For these presentations, I used data gathered from the following sources:
- DMR of North Dakota. These presentations only show the production from horizontal wells; a small amount (about 40 kbo/d) is produced from conventional vertical wells.
- FracFocus.org
====BRIEF MANUAL====
The above presentations have many interactive features:
- You can click through the blocks on the top to see the slides.
- Each slide has filters that can be set, e.g. to select individual or groups of operators. You can first click “all” to deselect all items. You have to click the “apply” button at the bottom to enforce the changes. After that, click anywhere on the presentation.
- Tooltips are shown by just hovering the mouse over parts of the presentation.
- You can move the map around, and zoom in/out.
- By clicking on the legend you can highlight selected items.
- Note that filters have to be set for each tab separately.
- The operator who currently owns the well is designated by “operator (current)”. The operator who operated a well in a past month is designated by “operator (actual)”. This distinction is useful when the ownership of a well changed over time.
- If you have any questions on how to use the interactivity, or how to analyze specific questions, please don’t hesitate to ask.
6 Comments
Every rig should be stacked. Every well completion not in process should be postponed. PUD locations have zero value in the shale basins at sub $30 well head oil prices, and PDP values are minimal by the time LOE, G & A, transport and severance are paid. Many operators sold gathering systems and water disposal systems to raise cash, which means they are not paying “rent” to use those on top of all other expenses.
I suspect that long term debt for the entire sector is well above PV10, not just in the Bakken, but in all shale basins, including the Permian Basin. So this will make 2016 look mild.
Mike- I hope this knocks some sense into people. How long do investors want to see 10-15% uneconomic production growth? Been there, done that, had to use my T-shirt for toilet paper.
Look at PXD- a consulting reservoir engineering firm uses their working and revenue interest deck, expense data, and production curves and comes up with a Standardized Measure of Oil and Gas Reserves (SMOG) of $9.7 Billion at $52 buck WTI. Their balance sheet shows property plant and equipment of $14 Billion. They should take a $4.5 B write down today. Now at $30 buck oil, their stock market value still exceeds $12 Billion. Before this crisis, they were twice that.
What do people expect these companies which do no exploration, have no 500 PHD research centers, and can’t deliver anything but the same old same old Powerpoint lies to make the widget factory the oil business has become “function” to deliver? What are we missing?
Brooke PE. To me, the shale companies are now nothing more than royalty trusts (with a mountain of debt).

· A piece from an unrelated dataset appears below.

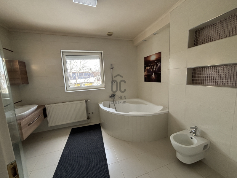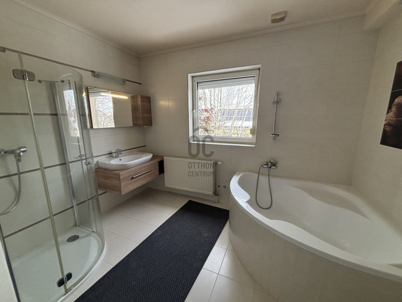 - Emeleten 3 db tágas, világos, erkélyes szoba, nagy fürdő és WC, gardrób szoba

The locations are all known. The acreage is all defined.
The problem is unlike royalty trusts (and stripper production) there is still the massive decline rate and need for constant massive CAPEX, just to maintain production.
Right now, all shale companies have zero value outside of a call on the price of oil and natural gas.
JB, I think we are finally gaining on it. As the tide has gone out, the lies have all been exposed; its taken 11 years and the loss of hundreds of billions of dollars, but I think people have it sorted it out now. The PE money, and POTUS, will try to float it all for a little longer, buts it going down now with a thud.
I love the SPE thing; my tally book calcs. say that 70MM BO to fill the SPR will net the US shale oil industry less than $475MM, after all costs…that will pay its interest on total long term debt for about…17 days.
Enno,
The improvement in ShaleProfile’s maps is a spectacular improvement! Thank you.
Great to hear that John, thank you for the feedback!